« Les Liaisons dangereuses, le roman épistolaire de Laclos, a conservé depuis sa publication (1782) une vogue surprenante peut-être aux yeux de quelques-uns mais légitime. Quel pénétrant portrait de Valmont, ce roué; quelle peinture de la perfidie corrompue que le caractère de Madame de Merteuil?

Réagissant contre les romans allégoriques ou philosophiques si fort à la mode au XVIIIme siècle, contre les effusions sentimentales ou vertueuses à la Rousseau, ce livre mordant et terrible fit sur les esprits une impression durable. Si durable que trente éditeurs différents ont conduit jusqu’à nous ce type parfait – jugé à l’époque scandaleux – du roman psychologique. Chose étrange, aucun de ces éditeurs n’a eu, apparemment, la curiosité de consulter le manuscrit de Laclos.
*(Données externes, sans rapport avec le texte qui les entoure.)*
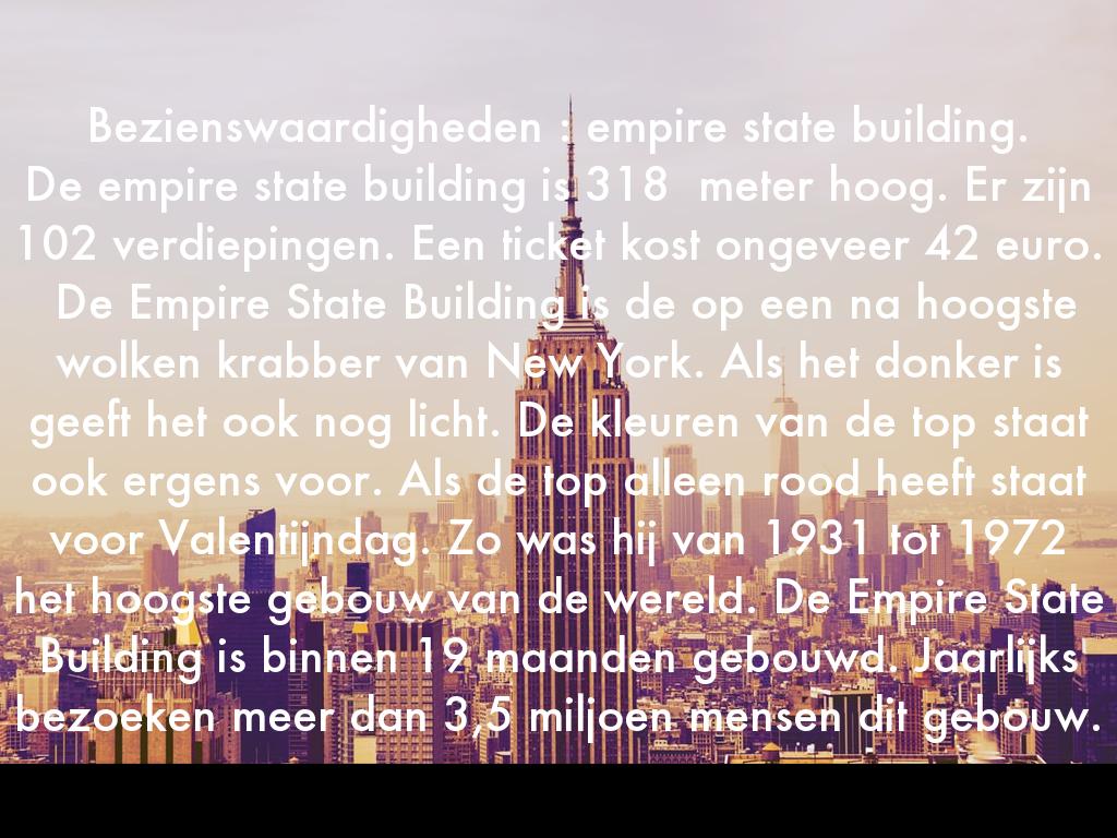 Bezienswaardigheden : empire state building. De empire state building is 318 meter hoog. Er zijn 102 verdiepingen. Een ticket kost ongeveer 42 euro. De Empire State Building is de op een na hoogste wolken krabber van New York. Als het donker is geeft het ook nog licht. De kleuren van de top staat ook ergens voor. Als de top alleen rood heeft staat voor Valentijndag. Zo was hij van 1931 tot 1972 het hoogste gebouw van de wereld. De Empire State Building is binnen 19 maanden gebouwd. Jaarlijks bezoeken meer dan 3,5 miljoen mensen dit gebouw.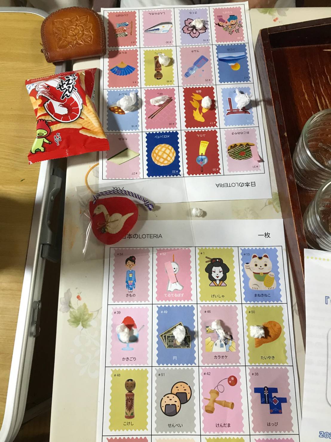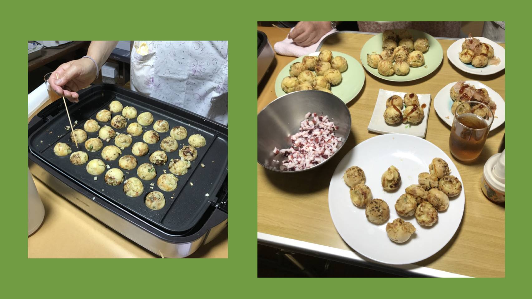 【8月24日のカフェ】お盆を過ぎても猛暑は続いていますが、皆さんお変わりなく参加されてホッとしました。今回も日本語学校の留学生5名が参加されました。テーマは夏祭りということで、まず皆さんの前でたこ焼きを焼きはじめます。通常のタコ入りと鳥ミンチ生姜風味の2種類です。初お目見えの鳥ミンチ味は新鮮で美味しかったです。続いて綿菓子作りも始まりました。台湾の留学生さん達が飛び入りで上手に綿菓子を作って下さいました。次はメキシコの留学生主催のゲームの時間です。これは「ロテリア(Lotería)」というメキシコのゲームで、ハンバーガー店の「ロッテリア」とは関係ありません。ロテリアは、日本のビンゴゲームと似ていますが、数字ではなく絵柄を使います。留学生さんは日本バージョンを作成されました。日本関連の絵柄、例えば富士山、着物、桜、鳥居、こけし等の絵が数十種類、切手の絵柄として16枚印刷されている用紙を皆さんに配ります。進行役である留学生さんが絵柄カードを読み上げて見せ、皆さんは配られた用紙に同じ絵柄があれば、豆などを置いてマークしていきます。縦・横・斜めのいずれかの列が揃ったら「ロテリア!」と叫んでゲームオーバー、景品(手作り小物や菓子類)を選んで貰えます。最終結果は4人が「ロテリア」を達成し、その内のお一人は2回も達成されました。絵柄が色彩豊かで可愛いかったです。皆さん結構夢中になって楽しまれていました。留学生さん達はこのゲームをしながら、日本文化の言葉を覚えていかれるのかもしれませんね (^o^)続いてのソングは、「我は海の子」「ピクニック」など4曲に続き、輪唱は「森のくまさん」で、速いテンポの曲なのに上手く揃いました。最後の「黒猫のタンゴ」は利用者さんが帽子をかぶったり、可愛いカチューシャを付けて前に出て頂き、みんなで楽しんで歌いました (^-^)v
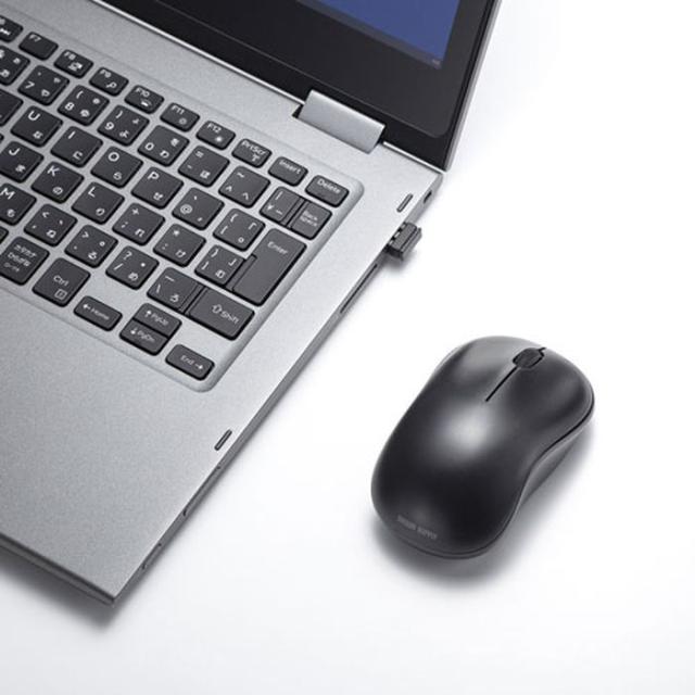 スタンダードな3ボタンのワイヤレスマウスです。ケーブルを気にせず使えるワイヤレスタイプです。電波障害に強い2.4GHzデジタル帯で、通信範囲が半径10mの広範囲で安定したデータ通信が可能です。14.7×19.1mmの極小レシーバーなので、ポート装着時の出っぱりが小さく、ノートパソコンにレシーバーを装着したままの持ち運びや保管にも邪魔になりません。マウス本体にレシーバーを収納できるので、紛失の心配がありません。開梱しやすく、開梱後のゴミを減らすことができる紙箱パッケージです。<ご注意>※鏡など光を反射する素材や、ガラスなど透明な素材の上でご使用になると、カーソルがスムーズに動かない場合があります。また、規則正しいパターンの上ではトラッキング能力が低下する場合があります。

Aussi faut-il savoir gré à M. Jean Mistler d’avoir procédé à l’établissement de ce que l’on est en droit de considérer comme le texte définitif des Liaisons dangereuses (Ed. du Rocher, Monaco, 1 vol., 1948). La tâche ne dut pas lui être très aisée si l’on songe que les 4 petits volumes de l’édition originale signés C. de L… se trouvèrent pâtir la même année de plusieurs contrefaçons. C’est peut-être là une attestation du succès remporté par l’ouvrage mais c’est aussi une source de perplexités pour les chercheurs. A ces contrefaçons, il convient d’ajouter des pastiches dont l’un fort amusant (Paris 1926) et intitulé: Les Vrais Mémoires de Cécile de Volanges.
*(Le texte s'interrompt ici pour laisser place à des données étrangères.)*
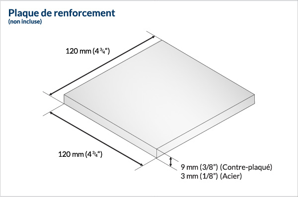 Recommandation basée sur une épaisseur de plateau supérieure à 20 mm. Les dessus de table plus minces devront peut-être être renforcés avant l'installation..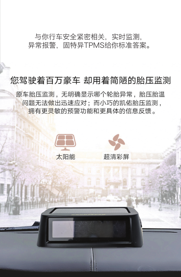 固特异 胎压监测内置太阳能汽车通用无线高精度胎压检测器 (黑色)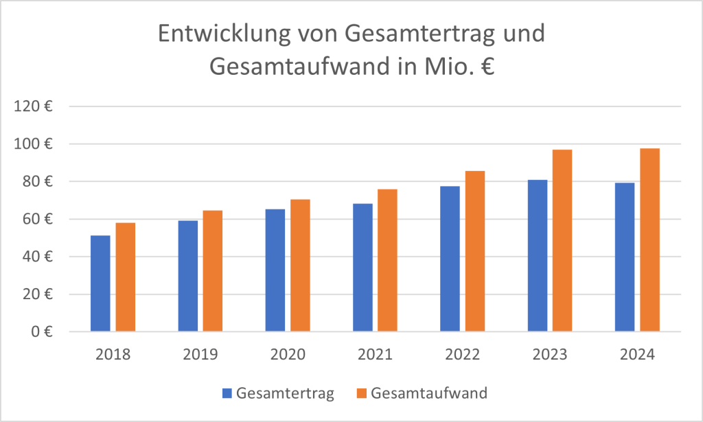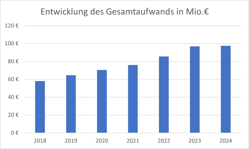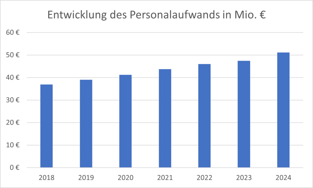 Der Personalaufwand stellt einen der wesentlichen Kostenfaktoren dar. Bedingt durch einen Anstieg der Beschäftigtenzahl und durch höhere Tarif-Entgelte ist der Personalaufwand von 37 Mio. € im Jahr 2018 um rund 39 Prozent auf 51 Mio. € im Jahr 2024 angewachsen.

M. Mistler estime que le roman, composé à Paris, au cours d’un congé pris dans l’hiver 1781-82 par l’officier d’artillerie Choderlos de Laclos, a été écrit d’une traite; cela semble découler de l’état du manuscrit en mains de M. Mistler (un brouillon constellé de ratures et de remaniements). Pour l’impression, une copie fidèle mais plus lisible a été établie.

Les Liaisons sont contenues dans un manuscrit numéroté 12.845 du fonds français de la Bibliothèque nationale de Paris. Le texte est écrit (une écriture très fine) sur papier bleu. L’orthographe de l’édition de 1948 a tenu compte des corrections des première et seconde éditions de 1782 et années suivantes. Des notes sont destinées à expliquer les mots difficiles et les allusions littéraires ou historiques: les caractères d’imprimerie employés permettent de distinguer aussitôt les variantes et notes de Laclos, des notes ou observations de M. Mistler ou des citations d’auteurs du temps.

Dans son introduction, M. Mistler rappelle avec clarté les diverses phases de la querelle dite des «Clefs», les personnages principaux des Liaisons ayant eu leur double dans la vie et la société de l’époque.

Il est précieux aussi de consulter les feuilles très documentées que M. Jean Mistler consacre aux «devanciers de Laclos». »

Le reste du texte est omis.